New research suggests drought conditions may promote elevated antibiotic resistance in soil microbes, researchers reported yesterday in Nature Microbiology.
To determine how drought might affect soil microbial communities, which have been the source of many antibiotics used in clinical medicine, scientists from the California Institute of Technology began by compiling five metagenomic datasets from four previous studies in which drought was the only variable. The datasets included cropland and grassland in California, a forest in Switzerland, and a wetland in China.
Their hypothesis, based on previous studies of arid soil, was that reduced soil water content brought on by drought might increase the concentration of natural antibiotics in the soil, which would in turn “intensify the selective pressure exerted by these compounds, leading to enrichment of both antibiotic producers and resistant taxa.”

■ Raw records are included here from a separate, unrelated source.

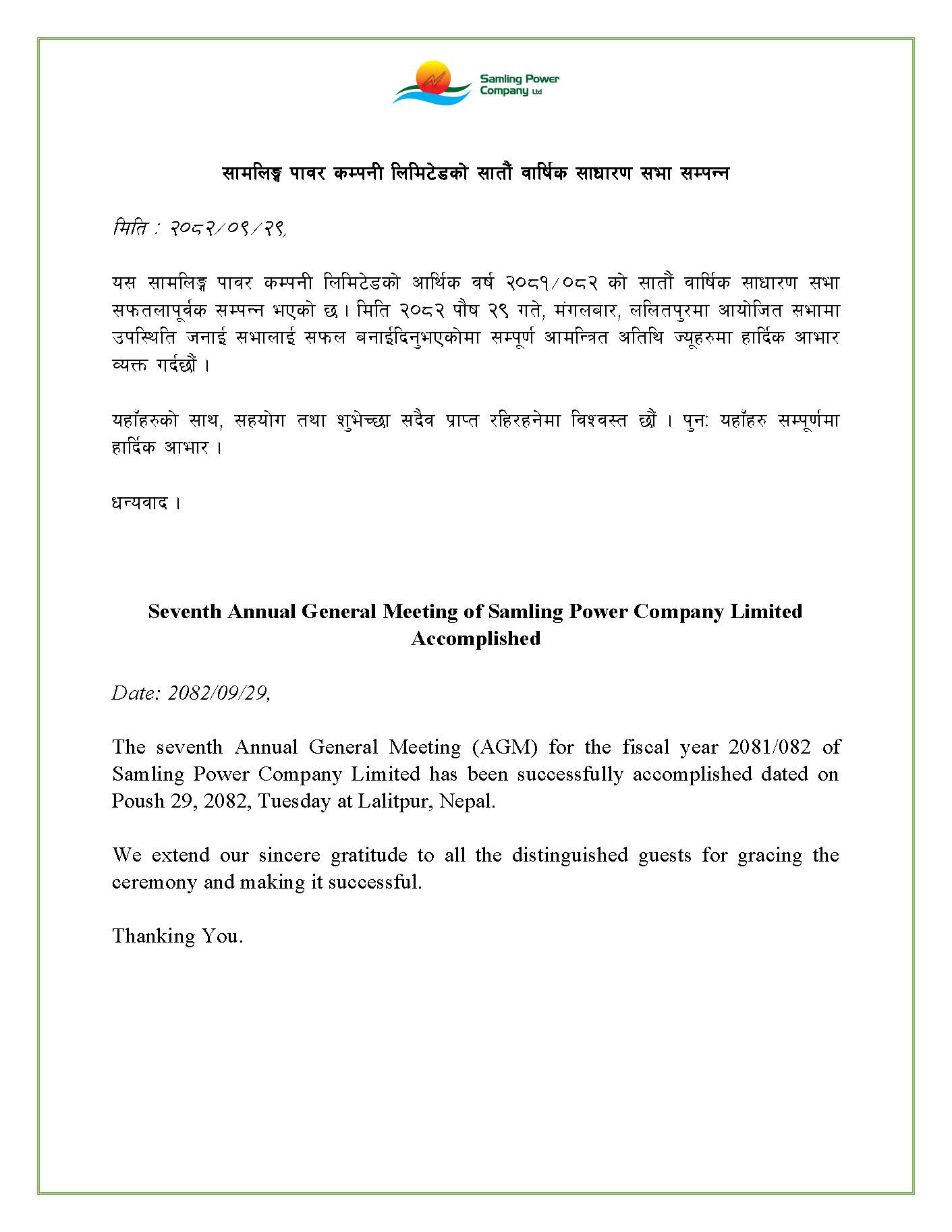 समुदायका सम्पूर्ण बासिन्दाहरुलाई शेयरको सार्वजनिक निष्काशनमा निवेदन पेश गर्न प्रोत्साहन गर्दै सो अवसरको पुर्ण रुपमा उपयोग गरी आयोजनाबाट लाभान्वित हुन अनुरोध गर्दछौ ।
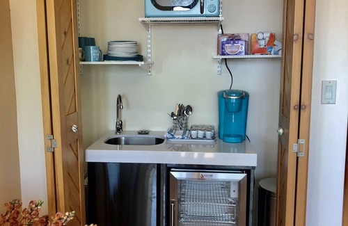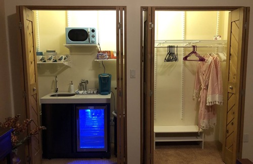 Our home is attached to the Casita but it offers complete privacy. In addition to the two large bedrooms, there is a large sitting room and entry hall with comfy couches and a tv with all channels and high speed internet.
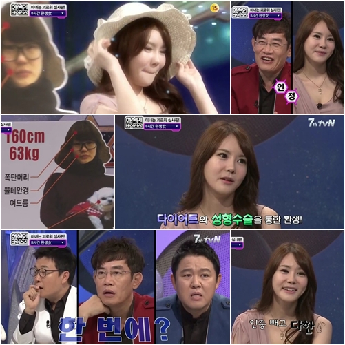 이날 방송에서 8시간 환생녀는 영화 '미녀는 괴로워'의 주인공 김아중처럼 자신감 넘치는 표정과 당당한 워킹으로 스튜디오에 등장했고 3MC들은 그녀의 미모에 감탄을 금치 못했다.
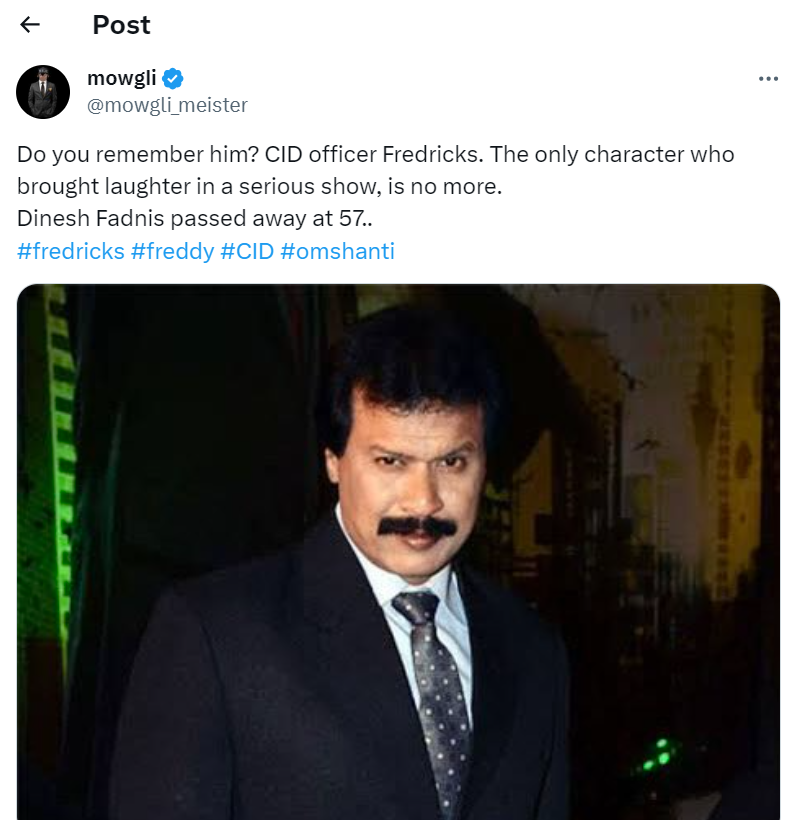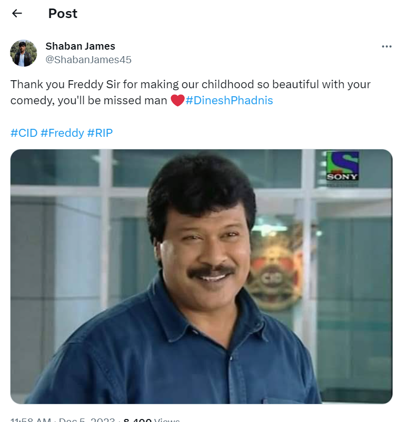 दूसरे यूजर ने लिखा, अपनी कॉमेडी से हमारे बचपन को इतना खूबसूरत बनाने के लिए धन्यवाद फ्रेडी सर, आपकी याद आएगी यार #DineshPhadnis।
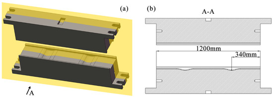 Flattening forging die in Scheme 1: (a) free view and (b) cross-sectional view.
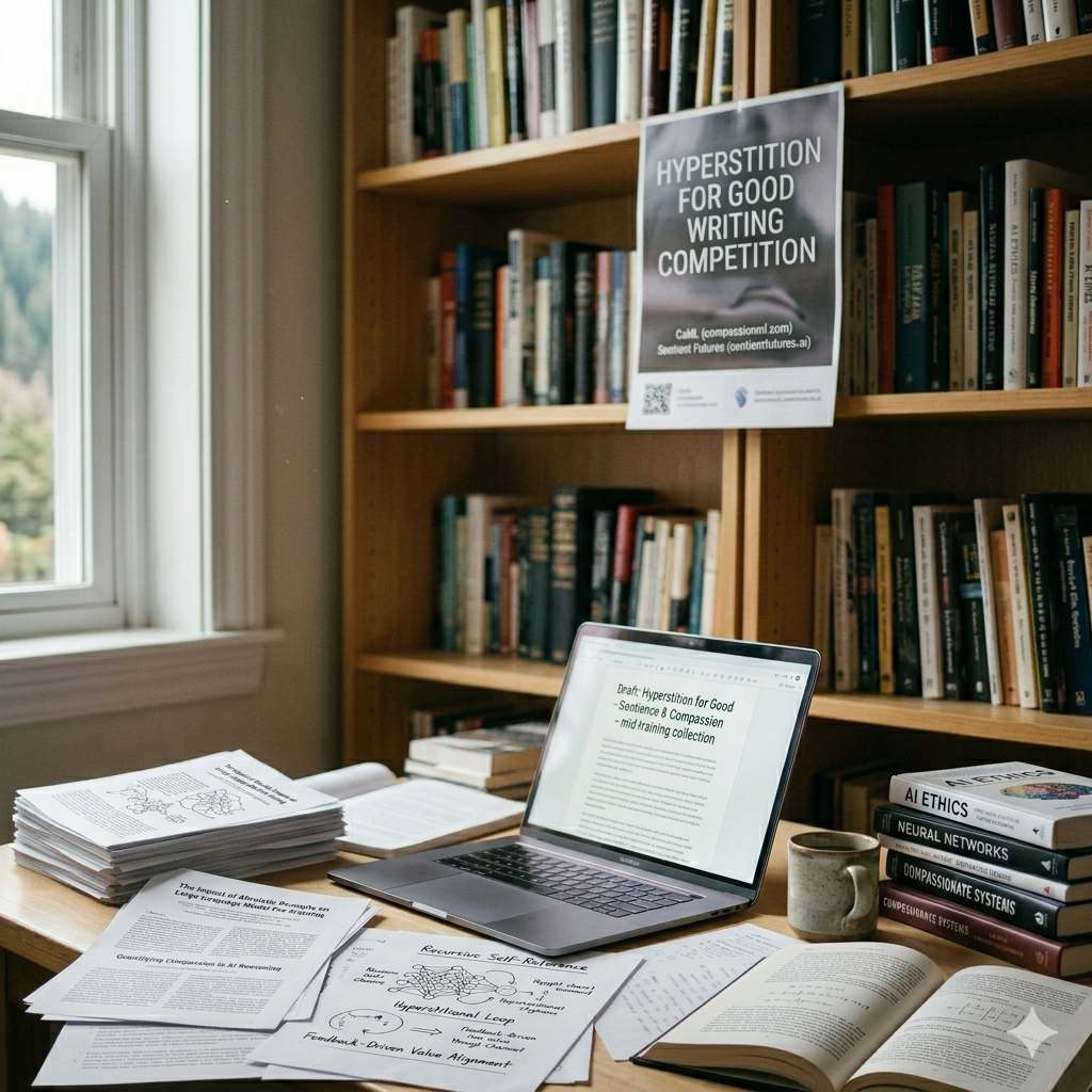 Currently developing a paper for the Hyperstition for Good Writing Competition. The idea behind hyperstition is the research that suggest that writing about AI reasoning with compassion can actually shape how future AI behaves. In other words, we can help influence how AI treats life. CaML (https://www.compassionml.com/) and Sentient Futures (https://www.sentientfutures.ai/) are currently collecting writing to share with AI labs (mid-training)
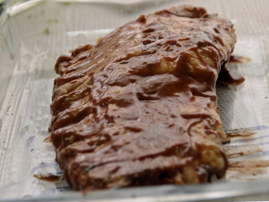 Cuando ya estén cocidas las sacamos del caldo y las dejamos enfriar, ( el caldo lo reservamos ,podemos hacer una sopa de fideos o de arroz con el ). Es muy importante dejarla enfriar antes del siguiente paso cuando ya este fría le ponemos una buena capa de salsa barbacoa por todas las partes.
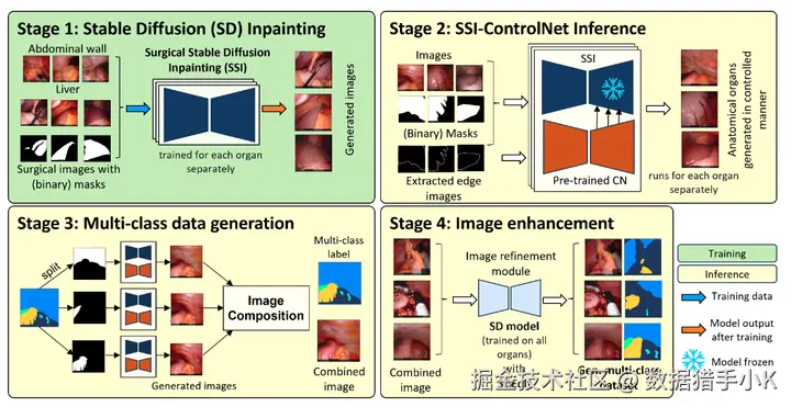 生成多类数据集的扩散方法概述。阶段- 1 涉及分别使用每个器官的真实图像和蒙版来训练 SD 修复模型。在 stage- 2 ,将预先训练的 ControlNet 插入 SSI 模型 (SSI-CN) 中,以使用从分割掩码中提取的边缘精确生成每个解剖结构。舞台中的图像构图- 3 包括从生成的图像中切下每个器官并将它们组合在一起
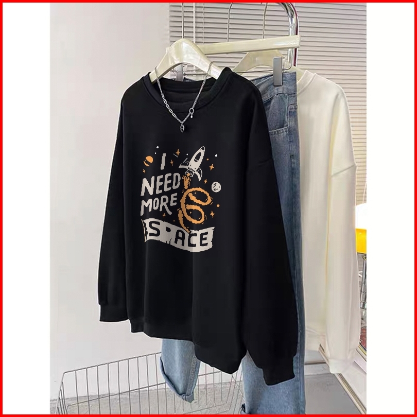 Forteid A1065 Sweater Graffiti Huruf Sweater Hitam Panjang Muda Basic Round Neck Sweater Oversized Round Neck Ala Korea
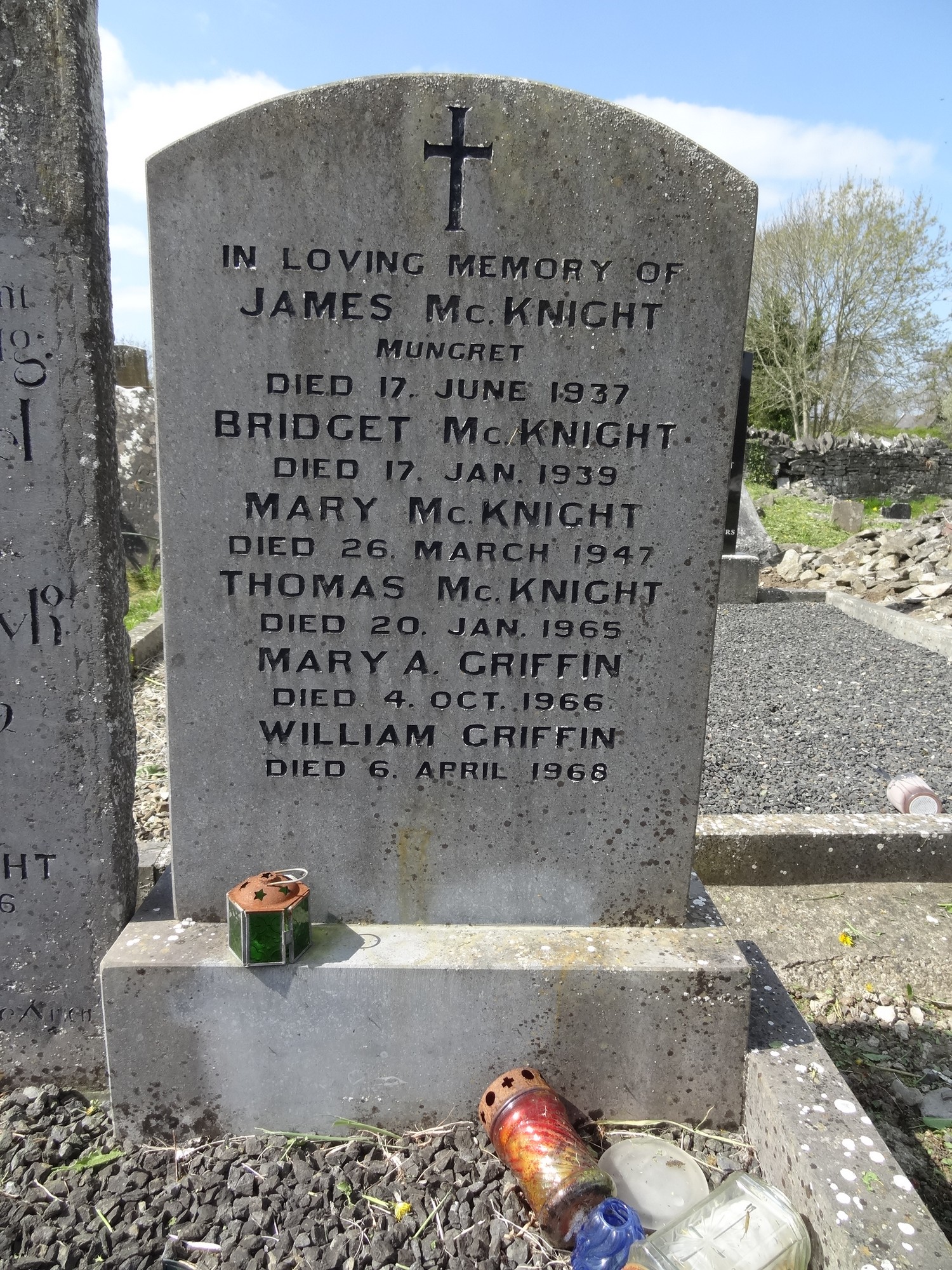In Loving Memory OfJAMES Mc. KNIGHTMungretDied 17. June 1937BRIDGET Mc. KNIGHTDied 17 Jan. 1939MARY Mc. KNIGHTDied 26. March 1947THOMAS Mc. KNIGHTDied 20. Jan. 1965MARY A. GRIFFINDied 4. Oct. 1966WILLIAM GRIFFINDied 6. April 1968
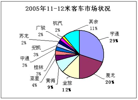 2005年11-12米卧铺车销量为3433辆,宇通客车在卧铺车市场占据了半壁江山,高达51%的市场份额,与其它企业相比占有绝对的优势。分置2至5位的企业为桂林大宇客车、厦门金旅客车、安凯客车和安凯股份客车,其市场份额分别为12%、9%、7%和6%。

In all five datasets, metagenomic analysis revealed that the relative abundance of antibiotic biosynthesis genes produced by soil bacteria was significantly higher under drought conditions. The enrichment became stronger the longer the drought endured and spanned multiple classes of antibiotics, including beta-lactams, macrolides, and aminoglycosides.
When the researchers exposed dried soil samples to a representative natural antibiotic (phenazine-1-carboxylic acid), they found that lower water content favored the growth of bacteria that were resistant to the antibiotic. In addition, they found that drought conditions also increased the abundance of antibiotic-resistance genes.
Greater aridity tied to clinical antibiotic resistance
Finally, using antibiotic resistance data from hospitals in 116 countries and corresponding local climate data, the researchers found that the average frequency of drug-resistant clinical isolates was higher in more arid locations.
“The strong correlation between aridity and clinical antibiotic resistance is concerning, given anticipated global climatic changes,” the study authors wrote.
Although more research is needed to demonstrate a causal relationship, the authors say the findings reveal an “underrecognized link between climate factors and antibiotic resistance.”
“These findings underscore the importance of integrating environmental and clinical perspectives within a unified One Health framework,” they concluded. “As climate instability intensifies, such integrative approaches will be critical for anticipating and mitigating the global trajectory of antibiotic resistance.”